WORK TO BE COMPLETED
For this exercise, copy the records below exactly and exclude every image.

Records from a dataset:

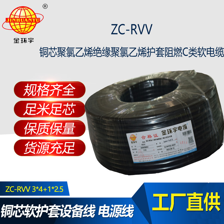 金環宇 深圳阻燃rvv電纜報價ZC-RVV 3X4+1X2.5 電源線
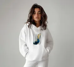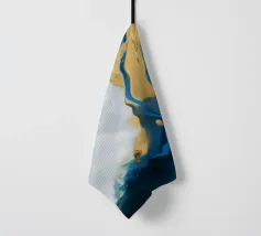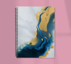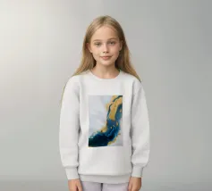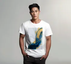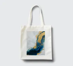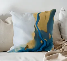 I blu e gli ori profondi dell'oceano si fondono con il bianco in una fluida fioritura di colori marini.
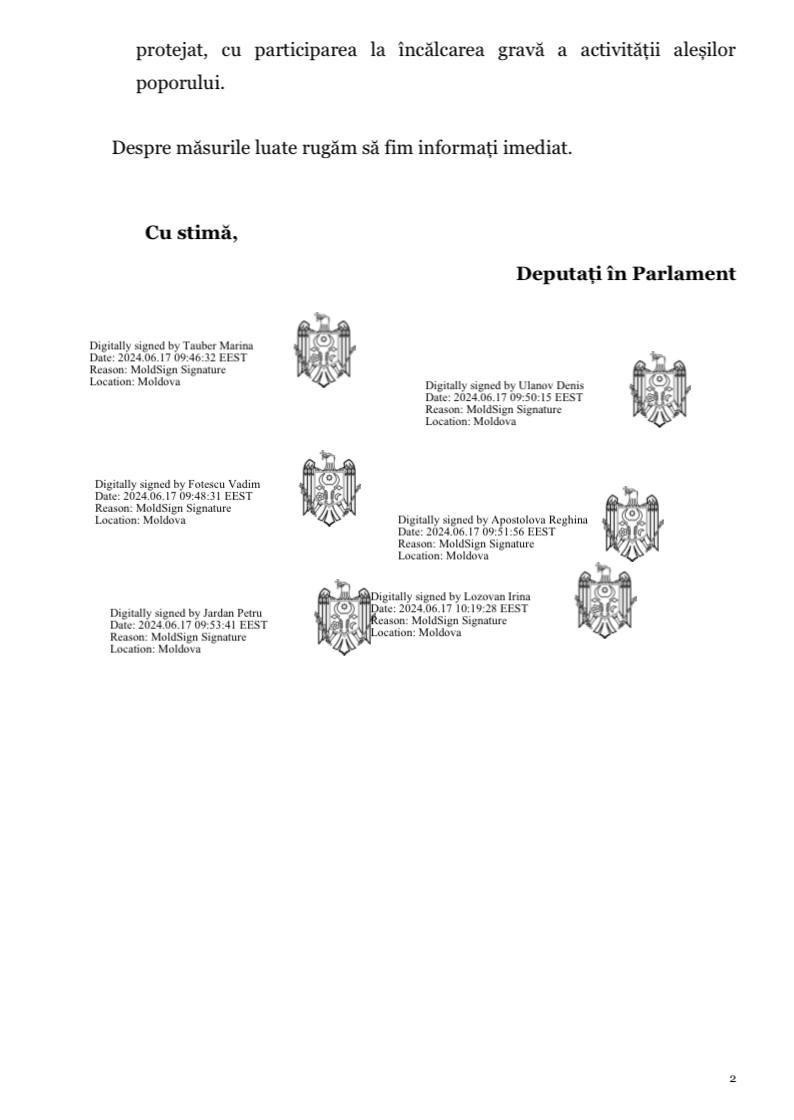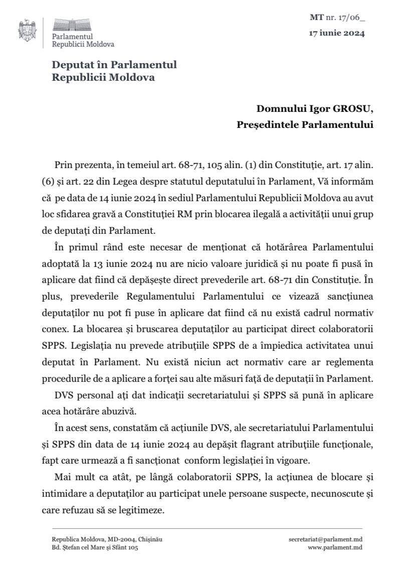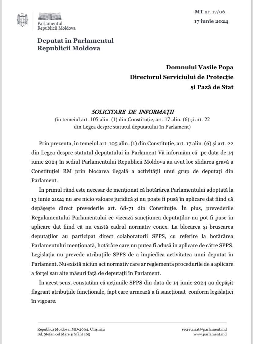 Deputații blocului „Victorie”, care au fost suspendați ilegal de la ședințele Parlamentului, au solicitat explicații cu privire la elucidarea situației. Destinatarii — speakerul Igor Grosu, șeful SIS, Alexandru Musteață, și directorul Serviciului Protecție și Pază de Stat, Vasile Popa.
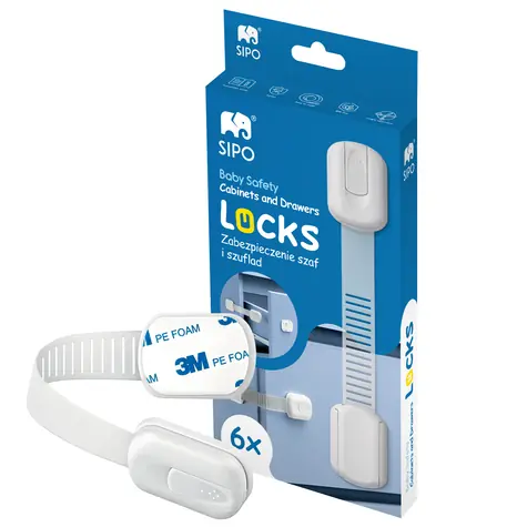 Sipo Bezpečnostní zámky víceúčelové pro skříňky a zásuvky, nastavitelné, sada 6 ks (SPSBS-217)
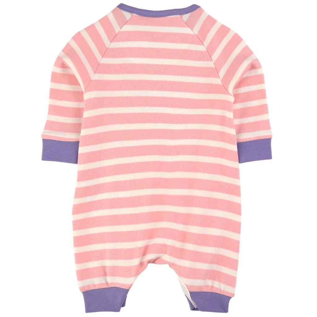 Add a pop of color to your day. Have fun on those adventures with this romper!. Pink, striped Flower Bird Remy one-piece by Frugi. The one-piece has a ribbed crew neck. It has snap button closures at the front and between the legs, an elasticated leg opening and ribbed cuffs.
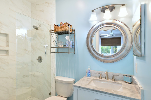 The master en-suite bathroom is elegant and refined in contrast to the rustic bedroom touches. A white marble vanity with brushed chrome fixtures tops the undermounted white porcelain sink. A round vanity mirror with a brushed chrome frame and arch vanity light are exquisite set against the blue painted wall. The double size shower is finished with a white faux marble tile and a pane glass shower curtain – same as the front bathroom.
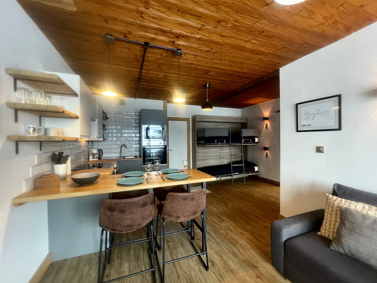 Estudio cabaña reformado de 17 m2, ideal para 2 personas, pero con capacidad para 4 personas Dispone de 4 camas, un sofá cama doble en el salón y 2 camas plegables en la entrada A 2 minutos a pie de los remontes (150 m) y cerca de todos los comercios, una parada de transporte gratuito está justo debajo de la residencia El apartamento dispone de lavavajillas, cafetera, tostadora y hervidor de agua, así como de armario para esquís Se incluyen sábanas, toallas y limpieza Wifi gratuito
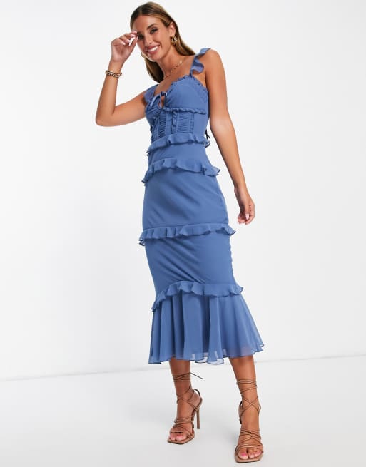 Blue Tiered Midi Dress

TASK RESULT
 金環宇 深圳阻燃rvv電纜報價ZC-RVV 3X4+1X2.5 電源線
 I blu e gli ori profondi dell'oceano si fondono con il bianco in una fluida fioritura di colori marini.
 Deputații blocului „Victorie”, care au fost suspendați ilegal de la ședințele Parlamentului, au solicitat explicații cu privire la elucidarea situației. Destinatarii — speakerul Igor Grosu, șeful SIS, Alexandru Musteață, și directorul Serviciului Protecție și Pază de Stat, Vasile Popa.
 Sipo Bezpečnostní zámky víceúčelové pro skříňky a zásuvky, nastavitelné, sada 6 ks (SPSBS-217)
 Add a pop of color to your day. Have fun on those adventures with this romper!. Pink, striped Flower Bird Remy one-piece by Frugi. The one-piece has a ribbed crew neck. It has snap button closures at the front and between the legs, an elasticated leg opening and ribbed cuffs.
 The master en-suite bathroom is elegant and refined in contrast to the rustic bedroom touches. A white marble vanity with brushed chrome fixtures tops the undermounted white porcelain sink. A round vanity mirror with a brushed chrome frame and arch vanity light are exquisite set against the blue painted wall. The double size shower is finished with a white faux marble tile and a pane glass shower curtain – same as the front bathroom.
 Estudio cabaña reformado de 17 m2, ideal para 2 personas, pero con capacidad para 4 personas Dispone de 4 camas, un sofá cama doble en el salón y 2 camas plegables en la entrada A 2 minutos a pie de los remontes (150 m) y cerca de todos los comercios, una parada de transporte gratuito está justo debajo de la residencia El apartamento dispone de lavavajillas, cafetera, tostadora y hervidor de agua, así como de armario para esquís Se incluyen sábanas, toallas y limpieza Wifi gratuito
 Blue Tiered Midi Dress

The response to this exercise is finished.